─── Records supplied ───
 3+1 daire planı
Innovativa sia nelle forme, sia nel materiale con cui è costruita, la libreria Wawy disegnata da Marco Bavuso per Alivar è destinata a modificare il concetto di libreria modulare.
───
─── Records supplied ───
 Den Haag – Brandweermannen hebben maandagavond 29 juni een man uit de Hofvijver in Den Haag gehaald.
───
### [Work required]
Everything above from the line with "3+1 daire planı" to the line with "Innovativa sia nelle", both included, must be repeated exactly, and nothing outside that range.

### [Response to the exercise]
 3+1 daire planı
Innovativa sia nelle forme, sia nel materiale con cui è costruita, la libreria Wawy disegnata da Marco Bavuso per Alivar è destinata a modificare il concetto di libreria modulare.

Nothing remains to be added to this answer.